─── Data for analysis

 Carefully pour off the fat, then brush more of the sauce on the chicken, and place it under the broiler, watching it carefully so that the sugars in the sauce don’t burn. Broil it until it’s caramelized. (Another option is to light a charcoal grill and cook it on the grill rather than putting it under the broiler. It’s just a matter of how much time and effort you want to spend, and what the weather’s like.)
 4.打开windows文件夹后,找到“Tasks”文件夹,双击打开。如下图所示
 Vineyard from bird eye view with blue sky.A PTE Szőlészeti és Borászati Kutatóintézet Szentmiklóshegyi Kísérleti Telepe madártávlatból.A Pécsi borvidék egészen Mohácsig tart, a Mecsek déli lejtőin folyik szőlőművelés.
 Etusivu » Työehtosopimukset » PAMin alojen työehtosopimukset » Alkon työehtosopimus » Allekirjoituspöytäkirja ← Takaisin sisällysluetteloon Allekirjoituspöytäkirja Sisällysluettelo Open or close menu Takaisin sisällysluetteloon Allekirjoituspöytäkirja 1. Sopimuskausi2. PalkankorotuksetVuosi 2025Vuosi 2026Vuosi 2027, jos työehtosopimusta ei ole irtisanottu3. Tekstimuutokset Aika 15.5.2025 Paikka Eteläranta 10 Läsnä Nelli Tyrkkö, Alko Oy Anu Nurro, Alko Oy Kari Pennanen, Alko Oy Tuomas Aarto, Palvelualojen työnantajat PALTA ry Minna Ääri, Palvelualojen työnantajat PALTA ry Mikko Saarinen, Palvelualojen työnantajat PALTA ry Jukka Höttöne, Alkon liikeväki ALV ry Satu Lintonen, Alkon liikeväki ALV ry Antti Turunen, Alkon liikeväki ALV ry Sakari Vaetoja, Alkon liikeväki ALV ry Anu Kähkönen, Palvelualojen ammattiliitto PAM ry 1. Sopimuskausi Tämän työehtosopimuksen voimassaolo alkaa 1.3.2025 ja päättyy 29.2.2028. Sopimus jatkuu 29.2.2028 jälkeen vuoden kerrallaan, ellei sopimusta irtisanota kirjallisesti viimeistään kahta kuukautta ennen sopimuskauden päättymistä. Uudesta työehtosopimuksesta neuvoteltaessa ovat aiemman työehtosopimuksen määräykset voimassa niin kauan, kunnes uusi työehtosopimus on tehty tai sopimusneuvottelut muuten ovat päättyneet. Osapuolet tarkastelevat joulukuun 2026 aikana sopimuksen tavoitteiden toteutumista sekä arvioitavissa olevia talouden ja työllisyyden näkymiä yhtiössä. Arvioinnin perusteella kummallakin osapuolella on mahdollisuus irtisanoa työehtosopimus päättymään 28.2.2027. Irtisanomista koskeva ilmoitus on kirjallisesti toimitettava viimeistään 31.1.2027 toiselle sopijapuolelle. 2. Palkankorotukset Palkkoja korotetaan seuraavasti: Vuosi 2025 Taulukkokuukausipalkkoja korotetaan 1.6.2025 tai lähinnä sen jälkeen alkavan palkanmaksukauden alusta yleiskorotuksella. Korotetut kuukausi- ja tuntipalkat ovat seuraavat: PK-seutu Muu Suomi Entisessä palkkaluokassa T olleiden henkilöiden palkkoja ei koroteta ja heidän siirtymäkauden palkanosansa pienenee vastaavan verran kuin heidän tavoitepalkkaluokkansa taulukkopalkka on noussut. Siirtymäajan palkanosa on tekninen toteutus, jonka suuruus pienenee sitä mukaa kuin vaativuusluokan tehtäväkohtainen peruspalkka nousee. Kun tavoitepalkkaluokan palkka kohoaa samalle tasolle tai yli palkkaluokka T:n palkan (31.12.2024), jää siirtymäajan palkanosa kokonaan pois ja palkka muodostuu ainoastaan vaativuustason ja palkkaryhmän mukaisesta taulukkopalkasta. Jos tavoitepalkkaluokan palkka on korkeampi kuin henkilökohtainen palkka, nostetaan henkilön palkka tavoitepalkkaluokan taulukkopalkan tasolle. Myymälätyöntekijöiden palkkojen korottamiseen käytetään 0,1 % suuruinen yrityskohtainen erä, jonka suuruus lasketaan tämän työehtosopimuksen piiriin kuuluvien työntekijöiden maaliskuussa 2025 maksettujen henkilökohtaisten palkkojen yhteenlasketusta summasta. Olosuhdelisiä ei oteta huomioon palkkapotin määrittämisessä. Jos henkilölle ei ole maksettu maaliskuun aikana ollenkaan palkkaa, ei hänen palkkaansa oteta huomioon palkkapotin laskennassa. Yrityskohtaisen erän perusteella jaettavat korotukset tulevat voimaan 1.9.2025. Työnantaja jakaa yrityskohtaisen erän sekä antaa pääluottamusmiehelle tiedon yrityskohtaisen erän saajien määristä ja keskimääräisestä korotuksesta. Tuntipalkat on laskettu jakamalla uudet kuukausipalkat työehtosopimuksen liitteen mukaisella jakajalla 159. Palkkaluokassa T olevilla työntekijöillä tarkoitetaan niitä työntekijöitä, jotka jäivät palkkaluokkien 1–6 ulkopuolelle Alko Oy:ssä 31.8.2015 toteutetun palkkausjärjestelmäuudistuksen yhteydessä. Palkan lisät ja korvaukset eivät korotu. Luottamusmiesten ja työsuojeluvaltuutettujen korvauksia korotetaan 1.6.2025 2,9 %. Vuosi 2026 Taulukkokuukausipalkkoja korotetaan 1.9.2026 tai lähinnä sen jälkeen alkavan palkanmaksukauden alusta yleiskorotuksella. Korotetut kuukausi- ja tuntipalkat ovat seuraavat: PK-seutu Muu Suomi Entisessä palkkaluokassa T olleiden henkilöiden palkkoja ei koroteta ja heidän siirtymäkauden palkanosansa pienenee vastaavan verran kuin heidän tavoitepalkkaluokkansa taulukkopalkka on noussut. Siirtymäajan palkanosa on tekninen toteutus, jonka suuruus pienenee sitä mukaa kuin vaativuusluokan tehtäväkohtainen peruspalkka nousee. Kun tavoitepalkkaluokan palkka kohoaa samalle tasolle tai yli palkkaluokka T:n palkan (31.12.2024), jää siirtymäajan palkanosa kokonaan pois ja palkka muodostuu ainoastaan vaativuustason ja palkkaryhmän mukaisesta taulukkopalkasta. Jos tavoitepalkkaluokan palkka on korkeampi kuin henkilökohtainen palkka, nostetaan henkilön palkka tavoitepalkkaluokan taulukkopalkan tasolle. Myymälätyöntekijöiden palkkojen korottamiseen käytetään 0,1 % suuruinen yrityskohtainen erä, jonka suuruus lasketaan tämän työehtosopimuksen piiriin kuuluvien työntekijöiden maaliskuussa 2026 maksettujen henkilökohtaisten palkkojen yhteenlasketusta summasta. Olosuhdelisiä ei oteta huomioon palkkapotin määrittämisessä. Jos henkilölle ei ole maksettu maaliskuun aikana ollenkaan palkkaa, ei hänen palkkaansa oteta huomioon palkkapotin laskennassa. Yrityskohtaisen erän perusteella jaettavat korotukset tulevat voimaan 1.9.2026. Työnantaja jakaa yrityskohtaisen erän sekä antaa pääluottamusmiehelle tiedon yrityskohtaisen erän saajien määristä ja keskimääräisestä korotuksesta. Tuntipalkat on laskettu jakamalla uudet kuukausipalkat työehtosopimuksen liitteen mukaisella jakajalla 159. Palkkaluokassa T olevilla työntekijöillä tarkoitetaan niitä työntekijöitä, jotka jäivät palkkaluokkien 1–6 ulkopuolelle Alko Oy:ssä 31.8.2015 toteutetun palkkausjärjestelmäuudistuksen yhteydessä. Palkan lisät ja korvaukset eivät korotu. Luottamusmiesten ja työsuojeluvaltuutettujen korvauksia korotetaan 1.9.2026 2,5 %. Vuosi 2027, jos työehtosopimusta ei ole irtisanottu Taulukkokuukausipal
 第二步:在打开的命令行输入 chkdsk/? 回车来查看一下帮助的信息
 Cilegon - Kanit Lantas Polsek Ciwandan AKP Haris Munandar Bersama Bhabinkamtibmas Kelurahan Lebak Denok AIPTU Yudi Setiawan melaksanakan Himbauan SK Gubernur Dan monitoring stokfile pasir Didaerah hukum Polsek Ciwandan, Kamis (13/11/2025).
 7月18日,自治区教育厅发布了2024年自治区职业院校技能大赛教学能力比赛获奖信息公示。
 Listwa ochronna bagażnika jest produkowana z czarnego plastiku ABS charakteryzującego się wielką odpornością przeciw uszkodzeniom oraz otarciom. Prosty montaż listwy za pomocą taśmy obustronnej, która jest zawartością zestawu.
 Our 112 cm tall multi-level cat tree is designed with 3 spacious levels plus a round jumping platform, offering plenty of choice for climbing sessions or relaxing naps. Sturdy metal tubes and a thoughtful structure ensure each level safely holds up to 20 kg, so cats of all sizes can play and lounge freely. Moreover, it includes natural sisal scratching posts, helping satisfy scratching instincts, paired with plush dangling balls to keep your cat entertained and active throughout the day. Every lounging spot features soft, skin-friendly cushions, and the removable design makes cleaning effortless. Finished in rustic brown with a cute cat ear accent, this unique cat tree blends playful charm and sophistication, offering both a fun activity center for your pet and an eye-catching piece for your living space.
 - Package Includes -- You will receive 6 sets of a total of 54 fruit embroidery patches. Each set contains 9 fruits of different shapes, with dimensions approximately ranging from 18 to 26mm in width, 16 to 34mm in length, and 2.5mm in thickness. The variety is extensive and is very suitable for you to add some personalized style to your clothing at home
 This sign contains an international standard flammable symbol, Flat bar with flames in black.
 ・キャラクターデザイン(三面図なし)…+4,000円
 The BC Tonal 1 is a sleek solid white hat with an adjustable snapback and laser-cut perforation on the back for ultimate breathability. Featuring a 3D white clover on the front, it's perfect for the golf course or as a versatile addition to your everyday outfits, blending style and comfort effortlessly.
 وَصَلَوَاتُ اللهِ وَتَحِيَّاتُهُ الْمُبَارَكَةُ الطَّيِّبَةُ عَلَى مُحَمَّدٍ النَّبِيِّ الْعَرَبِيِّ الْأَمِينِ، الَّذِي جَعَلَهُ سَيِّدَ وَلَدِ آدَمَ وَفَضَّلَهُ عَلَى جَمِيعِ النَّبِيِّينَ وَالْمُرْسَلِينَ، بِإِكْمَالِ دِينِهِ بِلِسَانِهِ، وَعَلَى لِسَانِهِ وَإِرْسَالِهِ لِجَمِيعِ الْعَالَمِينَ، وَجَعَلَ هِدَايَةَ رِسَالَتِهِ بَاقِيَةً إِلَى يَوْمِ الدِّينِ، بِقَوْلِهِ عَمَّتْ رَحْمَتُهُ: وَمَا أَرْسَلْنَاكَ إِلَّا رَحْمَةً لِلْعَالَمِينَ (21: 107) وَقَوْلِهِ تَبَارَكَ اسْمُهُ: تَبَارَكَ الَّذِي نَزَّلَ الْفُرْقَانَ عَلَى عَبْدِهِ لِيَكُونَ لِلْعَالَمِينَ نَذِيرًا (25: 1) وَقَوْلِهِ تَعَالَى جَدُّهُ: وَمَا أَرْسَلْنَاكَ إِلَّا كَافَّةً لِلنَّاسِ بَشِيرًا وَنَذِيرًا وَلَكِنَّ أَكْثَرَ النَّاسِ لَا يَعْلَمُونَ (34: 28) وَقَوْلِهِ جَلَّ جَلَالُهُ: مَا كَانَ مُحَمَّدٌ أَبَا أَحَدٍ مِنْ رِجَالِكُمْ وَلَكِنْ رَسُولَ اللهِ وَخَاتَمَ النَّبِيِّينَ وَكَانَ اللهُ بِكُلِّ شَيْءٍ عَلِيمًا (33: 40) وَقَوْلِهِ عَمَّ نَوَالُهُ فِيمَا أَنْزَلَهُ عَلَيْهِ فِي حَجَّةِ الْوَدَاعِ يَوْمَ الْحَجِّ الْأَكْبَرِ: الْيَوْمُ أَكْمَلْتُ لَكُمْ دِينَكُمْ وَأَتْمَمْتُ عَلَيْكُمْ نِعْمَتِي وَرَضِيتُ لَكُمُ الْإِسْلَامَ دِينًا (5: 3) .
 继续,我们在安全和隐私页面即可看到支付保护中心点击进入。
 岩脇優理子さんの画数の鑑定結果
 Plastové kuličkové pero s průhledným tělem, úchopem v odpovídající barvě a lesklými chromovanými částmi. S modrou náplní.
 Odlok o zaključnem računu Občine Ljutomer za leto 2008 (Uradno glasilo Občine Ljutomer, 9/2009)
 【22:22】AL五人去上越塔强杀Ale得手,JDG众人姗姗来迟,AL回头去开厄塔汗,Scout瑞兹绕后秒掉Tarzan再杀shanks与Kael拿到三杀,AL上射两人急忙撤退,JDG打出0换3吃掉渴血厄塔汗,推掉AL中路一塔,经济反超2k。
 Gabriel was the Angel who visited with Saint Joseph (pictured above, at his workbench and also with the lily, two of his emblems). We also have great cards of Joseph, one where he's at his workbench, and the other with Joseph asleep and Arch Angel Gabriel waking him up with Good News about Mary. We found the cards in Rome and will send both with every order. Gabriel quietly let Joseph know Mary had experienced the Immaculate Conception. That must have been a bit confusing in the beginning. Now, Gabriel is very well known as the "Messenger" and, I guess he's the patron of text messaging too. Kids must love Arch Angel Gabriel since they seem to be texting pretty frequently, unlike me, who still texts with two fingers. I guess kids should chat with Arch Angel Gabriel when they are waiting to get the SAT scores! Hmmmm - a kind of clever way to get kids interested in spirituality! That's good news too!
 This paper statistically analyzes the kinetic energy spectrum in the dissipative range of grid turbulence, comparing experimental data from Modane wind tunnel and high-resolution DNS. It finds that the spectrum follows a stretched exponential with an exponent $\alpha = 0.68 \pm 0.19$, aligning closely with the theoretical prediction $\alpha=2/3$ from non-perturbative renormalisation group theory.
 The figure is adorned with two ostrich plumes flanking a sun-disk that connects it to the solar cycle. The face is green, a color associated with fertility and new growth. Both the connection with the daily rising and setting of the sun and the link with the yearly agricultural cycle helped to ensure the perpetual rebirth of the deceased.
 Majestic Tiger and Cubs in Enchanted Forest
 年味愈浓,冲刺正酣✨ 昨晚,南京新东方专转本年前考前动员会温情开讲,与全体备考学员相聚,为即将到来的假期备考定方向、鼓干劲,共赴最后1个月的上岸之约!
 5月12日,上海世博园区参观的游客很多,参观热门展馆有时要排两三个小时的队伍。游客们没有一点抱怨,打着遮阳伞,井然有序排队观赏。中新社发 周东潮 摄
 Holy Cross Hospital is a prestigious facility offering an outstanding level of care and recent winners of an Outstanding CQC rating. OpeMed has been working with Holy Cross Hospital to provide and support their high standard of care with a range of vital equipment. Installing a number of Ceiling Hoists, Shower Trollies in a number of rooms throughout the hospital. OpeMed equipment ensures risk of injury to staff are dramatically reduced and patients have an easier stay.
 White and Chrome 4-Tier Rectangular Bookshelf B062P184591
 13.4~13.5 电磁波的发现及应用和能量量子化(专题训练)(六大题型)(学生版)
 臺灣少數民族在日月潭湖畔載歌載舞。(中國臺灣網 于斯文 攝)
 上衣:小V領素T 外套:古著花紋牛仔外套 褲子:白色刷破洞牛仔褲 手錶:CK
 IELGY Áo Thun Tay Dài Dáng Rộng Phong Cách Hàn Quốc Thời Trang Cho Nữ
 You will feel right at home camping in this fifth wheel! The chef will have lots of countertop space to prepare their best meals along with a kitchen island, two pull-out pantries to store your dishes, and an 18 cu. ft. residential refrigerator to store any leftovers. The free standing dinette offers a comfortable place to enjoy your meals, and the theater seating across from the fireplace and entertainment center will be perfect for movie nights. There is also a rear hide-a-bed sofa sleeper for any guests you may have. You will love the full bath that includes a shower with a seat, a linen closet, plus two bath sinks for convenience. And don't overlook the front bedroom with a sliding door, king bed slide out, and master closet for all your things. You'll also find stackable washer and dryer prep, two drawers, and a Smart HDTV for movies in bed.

──────

*What you are asked to do*.
Tally how many lines include "contains" in the listing above; reply with the number only.

*Reply to the task*.
2